I'd start by looking at your router. Is the port forwarding done right?
This is what your system sent to me
Code: Select all
root@aplus /tmp # wget --server-response http://www.grahammelbournephotography.com/
--2016-01-04 11:16:24-- http://www.grahammelbournephotography.com/
Resolving www.grahammelbournephotography.com (www.grahammelbournephotography.com)... 2.127.21.102
Connecting to www.grahammelbournephotography.com (www.grahammelbournephotography.com)|2.127.21.102|:80... connected.

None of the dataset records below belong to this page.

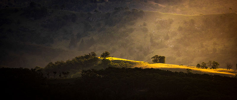 Shooting into the sun from Cahill’s Lookout in Katoomba looking into Megalong Valley was challenging. The dynamic range made a single shot hard to capture the shadow detail along with the very bright highlights. Some partial cloud cover provided much appreciated diffusion while still allowing the small hill to be illuminated.
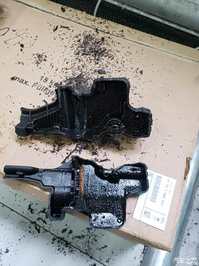 这是Seawinds大神拆解的B48在高负载增压模式下的油气分离器(如果一个过滤棉算油气分离器的话……)。可以看到,出气的地方还有很多机油,还不知道有多少没分离出来。(图片来自Seawinds)
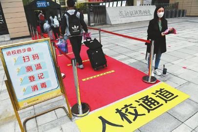 成都教科院附中高一年級(jí)學(xué)生返校時(shí),學(xué)生統(tǒng)一在指示標(biāo)牌的指引下,依次經(jīng)過(guò)“1米靜候區(qū)”“紅外體溫監(jiān)測(cè)儀測(cè)溫區(qū)”,同時(shí)檢查學(xué)生的健康碼、對(duì)行李等物品進(jìn)行消毒,學(xué)校的“教師黨員服務(wù)隊(duì)”為住宿學(xué)生搬運(yùn)行李等隨身物品。每班班主任收取《健康申報(bào)卡》《14日體溫監(jiān)測(cè)表》《家長(zhǎng)承諾書(shū)》以及《學(xué)生承諾書(shū)》。飯點(diǎn)時(shí)間,學(xué)生在班主任帶領(lǐng)下沿指定行徑路線錯(cuò)峰到食堂就餐,食堂設(shè)置了“單循環(huán)”的用餐路線,避免學(xué)生交叉聚集。為迎接復(fù)課,每位班主任都準(zhǔn)備了額溫槍、學(xué)生體溫監(jiān)測(cè)臺(tái)賬、因病缺課不能到校學(xué)生臺(tái)賬、免洗手消毒凝膠、醫(yī)用消毒酒精等“防疫五件套”。(四川日?qǐng)?bào)記者 李向雨 攝影報(bào)道)

HTTP request sent, awaiting response...
HTTP/1.1 200 OK
Date: Mon, 04 Jan 2016 11:16:29 GMT
Server: Apache
Last-Modified: Tue, 13 Oct 2015 17:27:21 GMT
ETag: "e1-521ffc222f040"
Accept-Ranges: bytes
Content-Length: 225
Vary: Accept-Encoding
Keep-Alive: timeout=15, max=100
Connection: Keep-Alive
Content-Type: text/html
Content-Language: en
Length: 225 [text/html]
Saving to: ‘index.html’
index.html 100%[=====================>] 225 --.-KB/s in 0s
2016-01-04 11:16:24 (2.59 MB/s) - ‘index.html’ saved [225/225]
Can you run
wget --server-response http://pi.local on your system because I suspect that page is being served by your router.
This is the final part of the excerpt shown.